Before diving into causal estimation, a critical but often overlooked step is data auditing: systematically checking which variables in your dataset might introduce bias, confounding, or estimation problems.
The audit_data() function in causaldef automates this process by testing each variable against the treatment and outcome to classify its causal role.
Traditional exploratory data analysis (EDA) tools check for: - Missing values - Distributional skew - Outliers
But they miss causal validity issues: - Which variables are confounders that MUST be adjusted for? - Which variables are potential instruments? - Which variables might serve as negative controls? - Which variables are “leaky” and could bias your analysis?
Based on the manuscript’s negative control certification/bounding logic (thm:nc_bound), audit_data() systematically evaluates each variable.
We’ll demonstrate data auditing using the classic RHC dataset from Connors et al. (1996).

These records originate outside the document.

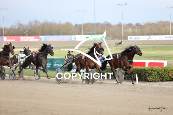 - Beskrivelse: PRECIOUS BOY A J med Birger Jørgensen vandt dagens 3 løb. Amerikanerløb m. justering af startspor Spar Nord Arena-Aalborg Væddeløbsbane d.16/4-2026. Fotograf: Hesselborg Foto
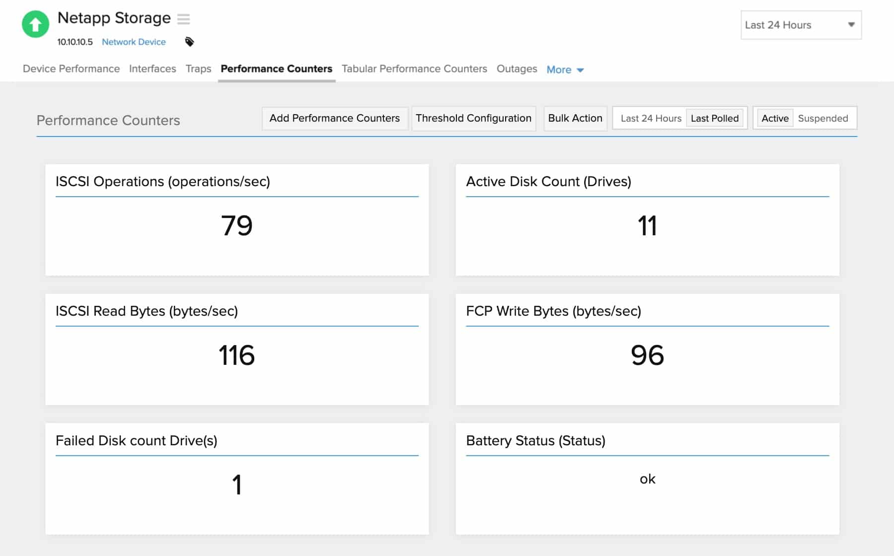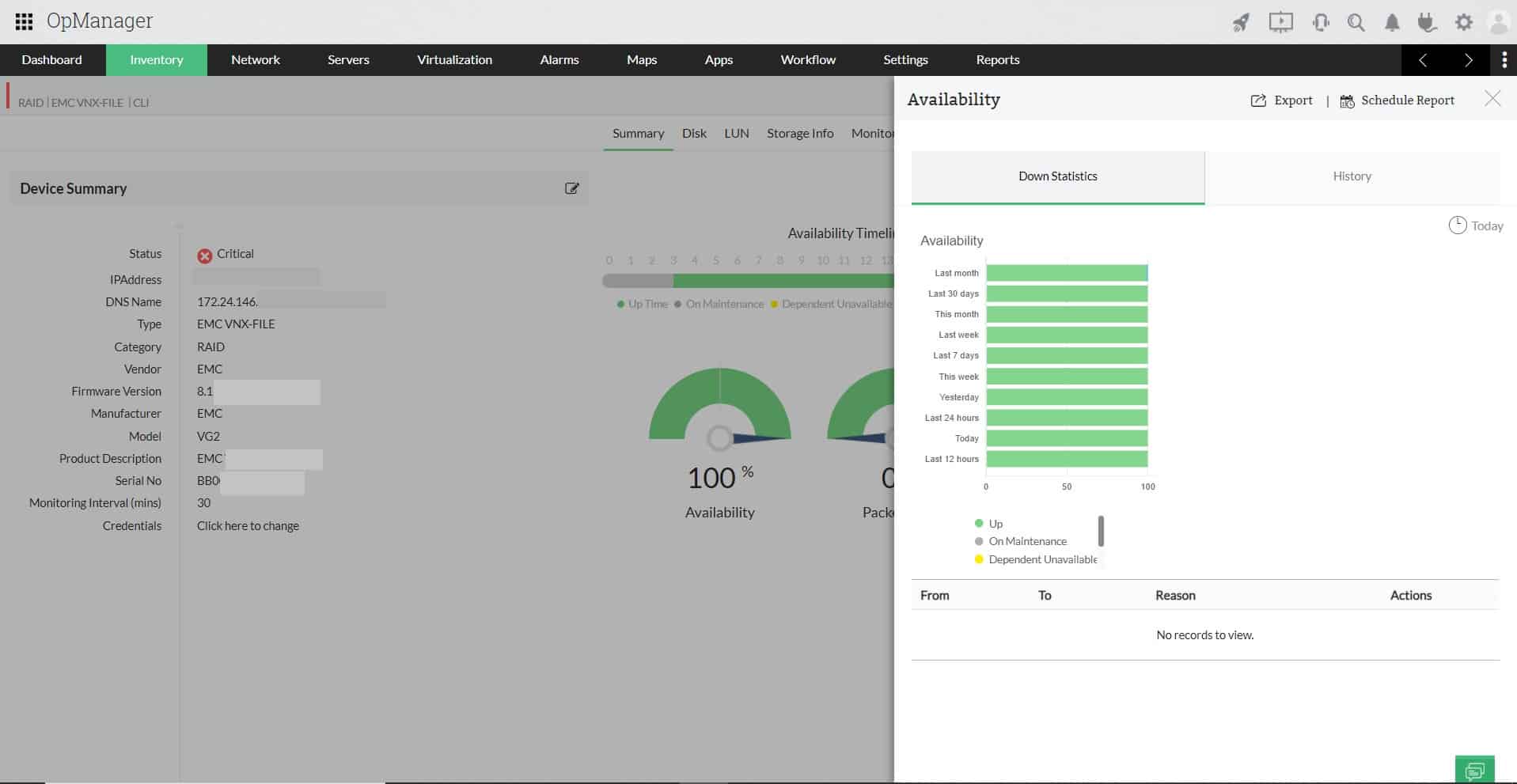 ManageEngine OpManager is a package of network and server monitoring systems. As well as monitoring individual storage servers, this system specializes in monitoring SAN arrays. This system provides multi-level monitoring because you can immediately see whether performance issues with data access are caused by problems with a storage system or with the network.
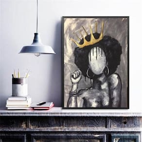 Quadro decorativo abstrato negra com coroa 33x24cm - com vidro Moldura: madeira preta Informações do produto tire todas as suas dúvidas no descritivo abaixo: decoração para quarto, sala, cozinha, escritório, área gourmet e muito mais. Chega de paredes vazias medidas - cada peça tem 33x24cm a4 . Material do papel - papel fotográfico brilhante de altíssima resolução acabamento - todos os quadros são acompanhados de vidro para proteção da imagem. - moldura em madeira maciça na cor preta ou branca conforme produto escolhido e pendurador . - os quadros são embalados de forma segura com plástico bolha com camada dupla de acordo com o tamanho dos quadros. Garantia - garantia de 3 meses. Meu quadro chegou. Como posso fixá-lo Você precisa apenas de um martelo e um prego, pois os quadros já vão acompanhados de penduradores. Esta é a forma mais indicada. Como posso limpar meu quadro A limpeza é feita como um móvel comum da sua casa. Apenas um pano seco ou espanador são suficientes para tal
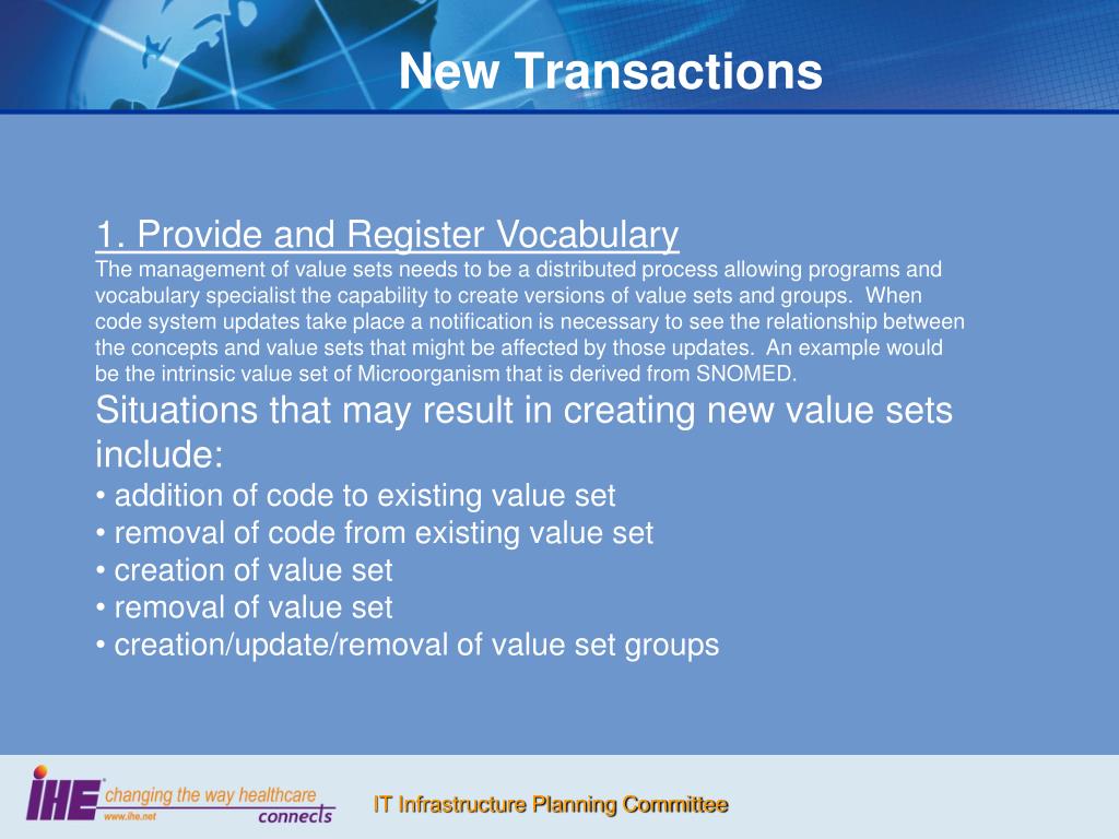 New Transactions • 1. Provide and Register Vocabulary • The management of value sets needs to be a distributed process allowing programs and vocabulary specialist the capability to create versions of value sets and groups. When code system updates take place a notification is necessary to see the relationship between the concepts and value sets that might be affected by those updates. An example would be the intrinsic value set of Microorganism that is derived from SNOMED. • Situations that may result in creating new value sets include: • addition of code to existing value set • removal of code from existing value set • creation of value set • removal of value set • creation/update/removal of value set groups

This dataset contains 5,735 critically ill patients from 5 medical centers, with the treatment being Right Heart Catheterization (RHC) and the outcome being 30-day mortality.
This is an ideal case study because: - Medium size: n = 5,735 patients - Many covariates: p = 63 variables - Real confounding concerns: RHC is not randomly assigned - Clinical importance: Used extensively in causal inference literature
library(causaldef)
# Load the RHC dataset
data(rhc)
cat("Dataset dimensions:", nrow(rhc), "patients,", ncol(rhc), "variables\n")
#> Dataset dimensions: 5735 patients, 63 variablesTreatment: swang1 - Whether the patient received Right Heart Catheterization (1 = Yes, 0 = No)
Outcome: death - 30-day mortality (Yes/No)
Covariates: Demographics, disease category, vital signs, lab values, comorbidities, etc.
Let’s audit all available variables to understand which ones are most relevant for causal analysis.
# Prepare data - convert death to numeric for auditing
rhc_clean <- rhc
rhc_clean$death_num <- as.numeric(rhc_clean$death == "Yes")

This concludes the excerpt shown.